China also seems to be preparing for the eventuality that the current pandemic could hollow out the financial viability of many companies, institutions and banks across the world. There are enough reports of China’s intentions to acquire financial assets and stakes in banks and companies across the world, taking advantage of the scaled-down value of their assets to support this. India seems to have woken up only recently to this threat, after the Peoples’ Bank of China acquired a 1% stake in India’s HDFC, taking advantage of the sharp decline in the price of HDFC stocks. Across the world, meanwhile, the clamour against China’s hostile takeover bids is becoming stronger. Several countries apart from India, such as Australia and Germany, have begun to restrict Chinese foreign direct investment in companies and financial institutions in their countries, recognising the inherent danger of a possible Chinese hostile takeover of their critical assets.

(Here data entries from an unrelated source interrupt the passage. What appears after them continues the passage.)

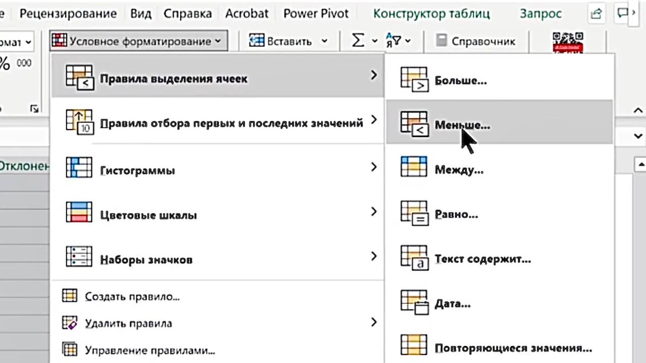 3. В выпадающем меню выберите «Правила выделения ячеек» → «Меньше».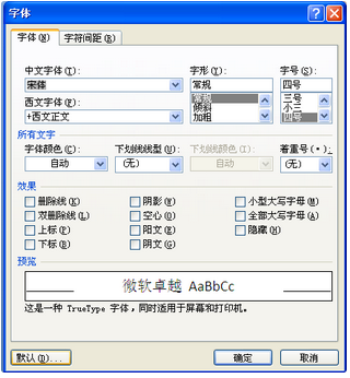 2、弹出字体对话框,在中文字体处选择宋体,单击默认按钮,如图所示;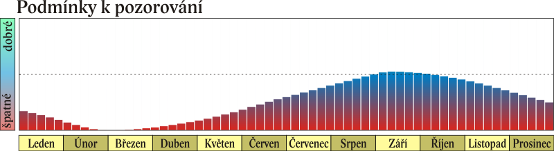 Dobře pozorovatelný zůstává Saturn i v listopadu a prosinci. Koncem roku je na konci občanského soumraku 32° nad jižním obzorem, zapadá před 22. hodinou.
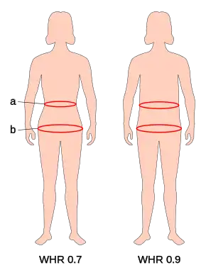 In general, adults with growth hormone deficiencies also have increased WHRs.[23][24] Adults with untreated congenital isolated growth hormone deficiency have increased WHRs, possibly from increased cortisone–cortisol ratios and insulin sensitivities.[24] Since these individuals have increased visceral obesity, it has been suggested that a minimal growth hormone secretion would theoretically increase insulin resistance.[24] However, because of the growth hormone deficiency, this insulin resistance point cannot be reached and these individuals are more sensitive to insulin. Increased adipose deposits are therefore more likely to form in these individuals, causing the high WHR. Growth hormone deficiencies have also been correlated with WHRs in prepubertal children; the specific baseline body statistics, such as WHRs, of pre-pubertal children with growth hormone deficiencies can predict growth response effectiveness to artificial growth hormone therapies, such as rhGH treatments.[25]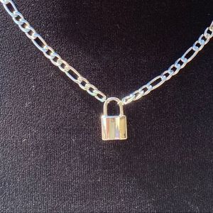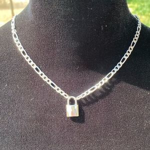 Silver tone chain necklace with lock pendant.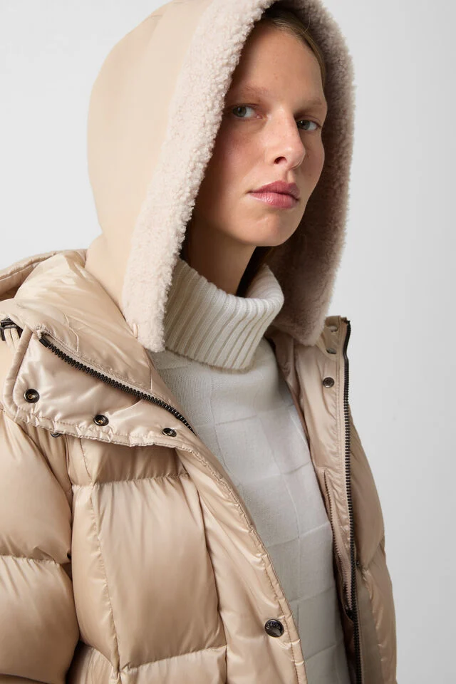 Плаващата подплата с дизайн от букви и водоотблъскващото покритие подчертават модерната функционалност, а затоплящата подплата от естествен патешки пух гарантира комфорт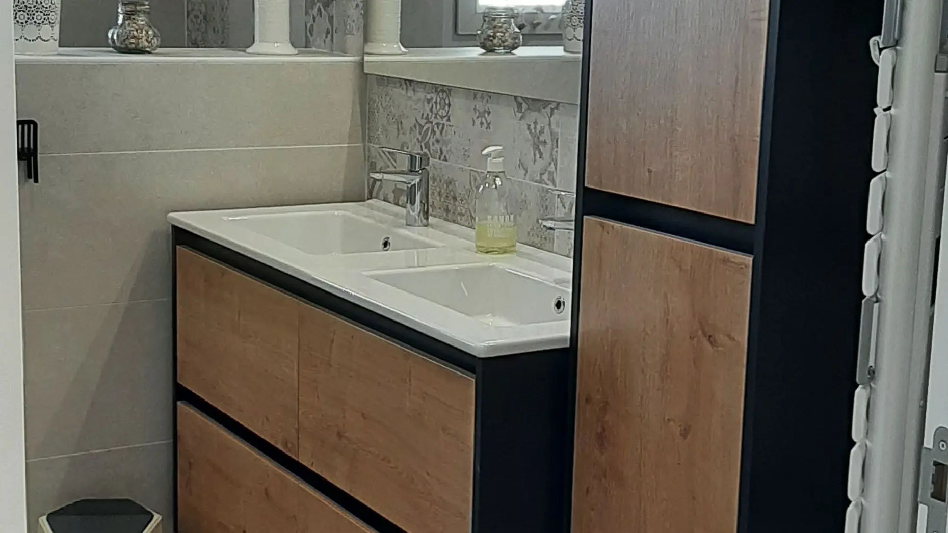 La salle de séjour s'ouvre sur une grande terrasse orientée au Sud et ombragée par deux stores-bannes.

This may not, however, be adequate to checkmate China, which is poised to dominate the Regional Comprehensive Economic Partnership (RCEP), thus enabling it to exploit market access across the Association of Southeast Asian Nations, East Asian nations, Australia and New Zealand. Together with its Belt and Road Initiative, which seeks to combine regional connectivity alongside gaining a virtual economic and substantial stranglehold across Asia, China is ostensibly preparing the way for a China-centric multilateral globalisation framework.

A faltering West

The geopolitical fallout of this pandemic could be still more serious. One distinct possibility is that COVID-19 would effectively put paid to the existing global order that has existed since the late 1940s. The United States which is already being touted in some circles as a ‘failing’ state will be compelled to cede ground. Weakened economically and politically after COVID-19 has ravaged the nation, the U.S.’s capacity to play a critical role in world affairs is certain to diminish. The main beneficiary of this geopolitical turnaround is likely to be China, a country that does not quite believe in playing by the rules of international conduct. Europe, in the short and medium term, will prove incapable of defining and defending its common interests, let alone having any influence in world affairs. Germany, which may still retain some of its present strength, is already turning insular, while both France and a post-Brexit United Kingdom will be out of the reckoning as of now.

West Asia and India

Coming to West Asia, both Saudi Arabia and Iran are set to face difficult times. The oil price meltdown will aggravate an already difficult situation across the region. There may be no victors, but Israel may be one country that is in a position to exploit this situation to its advantage. In the meantime, the economic downturn greatly reduces India’s room for manoeuvre. In South Asia, it faces the prospect of being isolated, with the Chinese juggernaut winning Beijing new friends and contacts across a region deeply impacted by the economic consequences of the COVID-19 pandemic. Likewise, India’s leverage in West Asia — already greatly diminished — will suffer further, with oil prices going down and the Indian expatriate community (who are among the hardest hit by this downturn) out on a limb. Many of the latter may seek repatriation back to the host country, substantially reducing the inflow of foreign funds to India from the region.